Numbers don't add up

I only have a 100 yard spot to shoot. I have an Idaho elk hunt in october where the ranges are 400 + yards. I put a target at the bottom of a tall cardboard target. Using my Vortex Razor's internal bullet drop comp. I checked zero on my 300 Win Mag using 180 gr. Federal Trophy Bonded tip factory. My zero was 2' high at 100. Now using the scopes 300, 400, and 500 yard marks I aimed at my zero spot and shot at the yardage mentioned above. My 300 yard mark was right on at 6.5 inches of holdover. The 400 yard was 14.7 inches high vs Federals 19.2 inch,
THe 500 yard was for me 22.5 inches vs Federal's 38.6 inches. The Federal info came from the ballistic calculator. My rifle can't be shooting that flat so can someone explain where I went wrong
I will admit that I am Jr. High level talking to college level, but I chose to go a different route. I do not like to ball park anything. If I am shooting at an animal at lengthy yardages, I don't shoot unless everything is right. So, I have a program that is for my bullet, my scope height and my velocity. I have used many scopes but have a NXS with fine cross hair with dot. I use a leica rangefinder and click my scope to the exact yardage and hold on, with a perfect clear sight picture. There are many good programs to choose, the one that I use is very accurate. I talked to a sniper and we were talking about this and he said they use the marks because they have to shoot quickly and don't need to be exact, a body hit from waist to neck is good enough. He said that in cases where there is time they also click to exact points. I have also used a scope with 1/8 minute clicks and prefer having "finer" adjustments. At 1000 yards 1 click makes a difference when using scope with 1/4 minute clicks. Guess I am just old school.
 
This goes to show two things.....
1...Lance has too much free time on his hands.....
2...no matter what the stadia lines are...if the bullets path doesn't follow...it won't work perfectly.....
 
I have a 270 win I took an older speer manual with the bullet drop tables in it and tested them out to see if they were accurate. Velocity and the coefficient were plugged in and it told me for a 300 yrd zero to set my 100 yrd zero 1.5 inches high. So after doing that I then fired a group at 300 yrd. I was surprised at how close it came it was low about a 1/8th of a inch not enough to make a difference.
 
As someone already pointed out I'm sure the OP has a vortex Razor LH in 2-10 with the G4 reticle.
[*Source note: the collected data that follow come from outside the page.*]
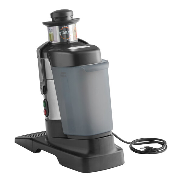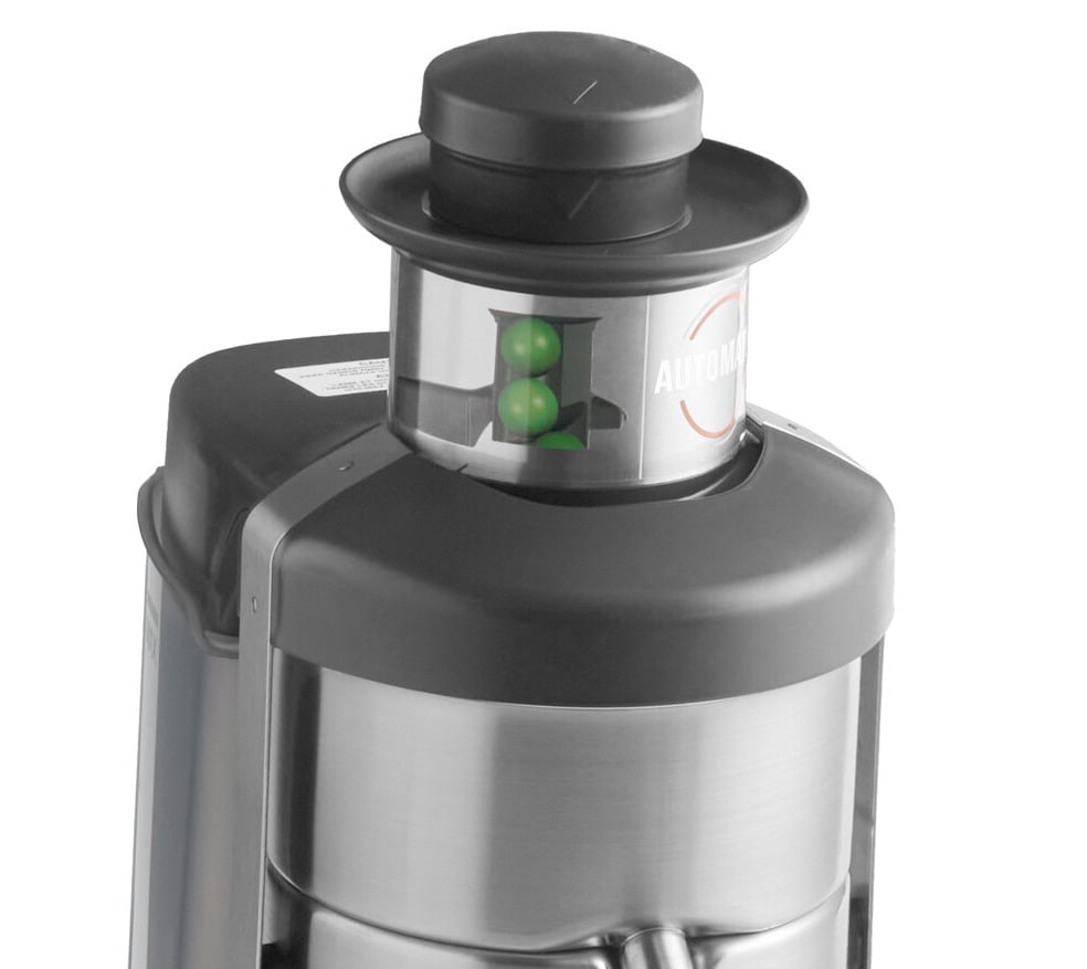 The auto feed system makes it easy to continuously add fruits and vegetables to the juicer. Simple push-button controls let you easily turn the juicer on and off. This Robot Coupe J80 Buffet requires a 120V electrical connection for operation.
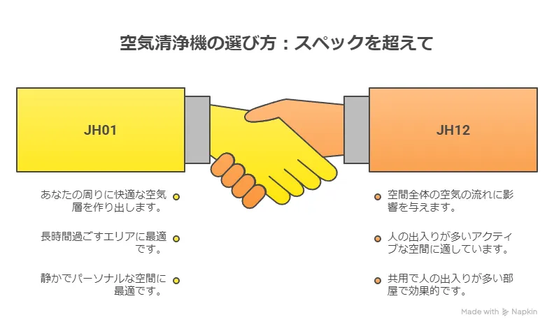クラウディック空気清浄機 JH01とJH12の違いは、単純に「どちらが上か」で決まるものではありません。
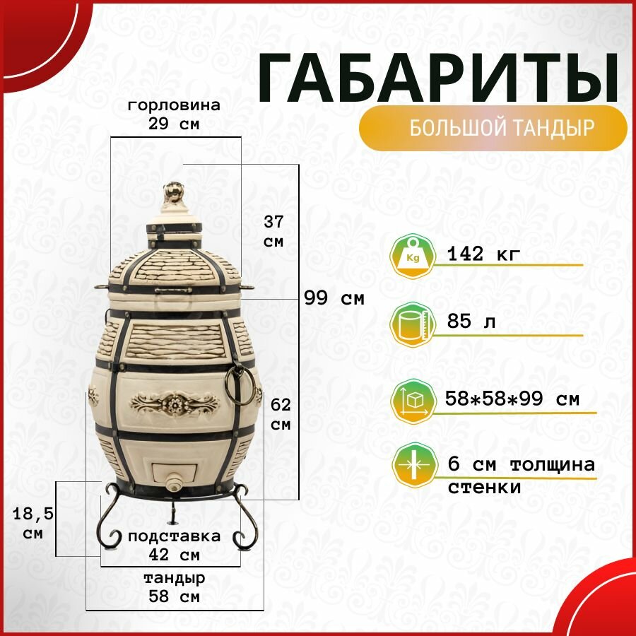 10 цен на Барс с откидной крышкой - Комплект "Max" - тандыр для дачи большой- 85 л, Технокерамика.
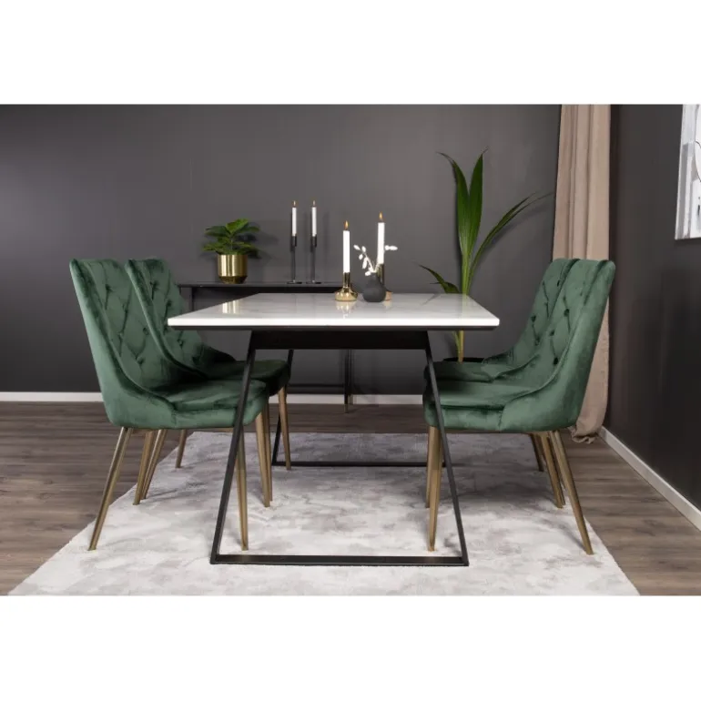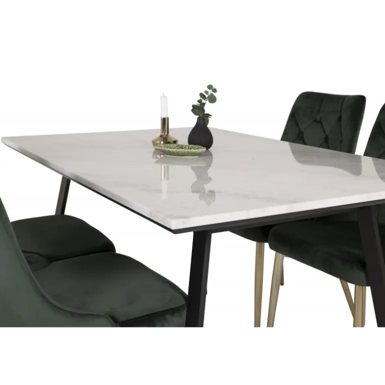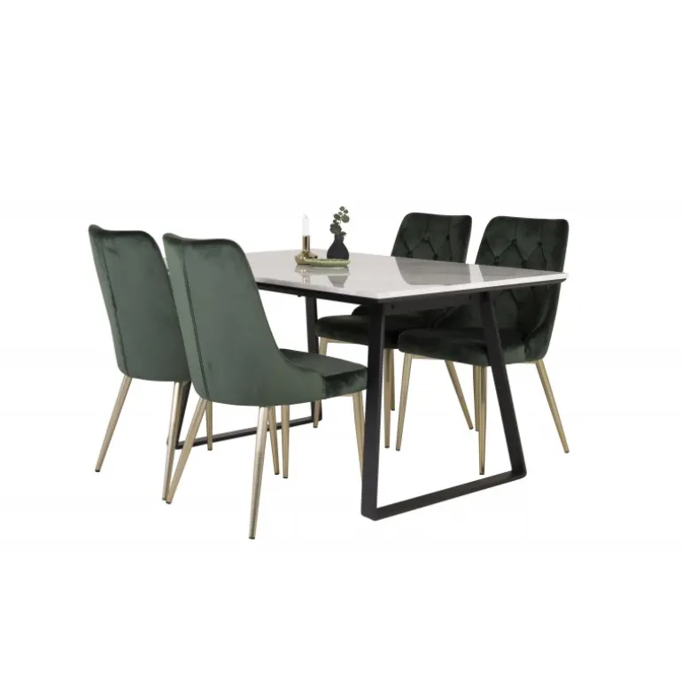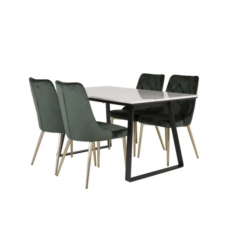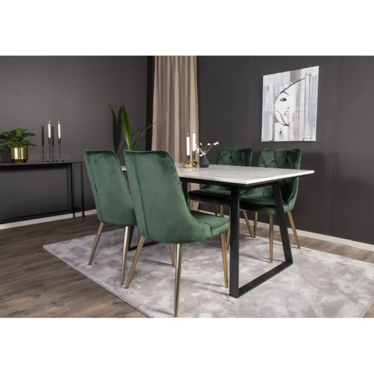 Det elegante marmor spisebord i Estelle-serien kombineres her med de bløde og komfortable stole fra Velvet-serien. Et spisebordssæt, der vil gøre enhver middag til en fornøjelse! Med sin raffinerede hvide bordplade og stilfulde design passer det perfekt ind i ethvert moderne hjem. De polstrede stole giver både komfort og stil, hvilket gør dette sæt ideelt til både hverdagsbrug og særlige lejligheder.

It's a good scope and reticle that should do what he's asking it to do. From his posts I see two likely issues-

1) that reticle will only give you the drops/MOAs indicated in the manual when it's on its highest power. Turning it to "almost" all the way up won't work, it's got to be all the way at 10x

2) you're not actually zeroed at 200 yards. 2" high at 100 doesn't make you actually zeroed at 200. Hopefully you can practice out to 400 before your hunt but that can be hard many places. If at all possible, AT LEAST find a range that goes out to 200 and get a true 200 yard zero. If you can do that, and you remember to turn your scope up all the way before using the reticle to take a shot, you should be good out to 400.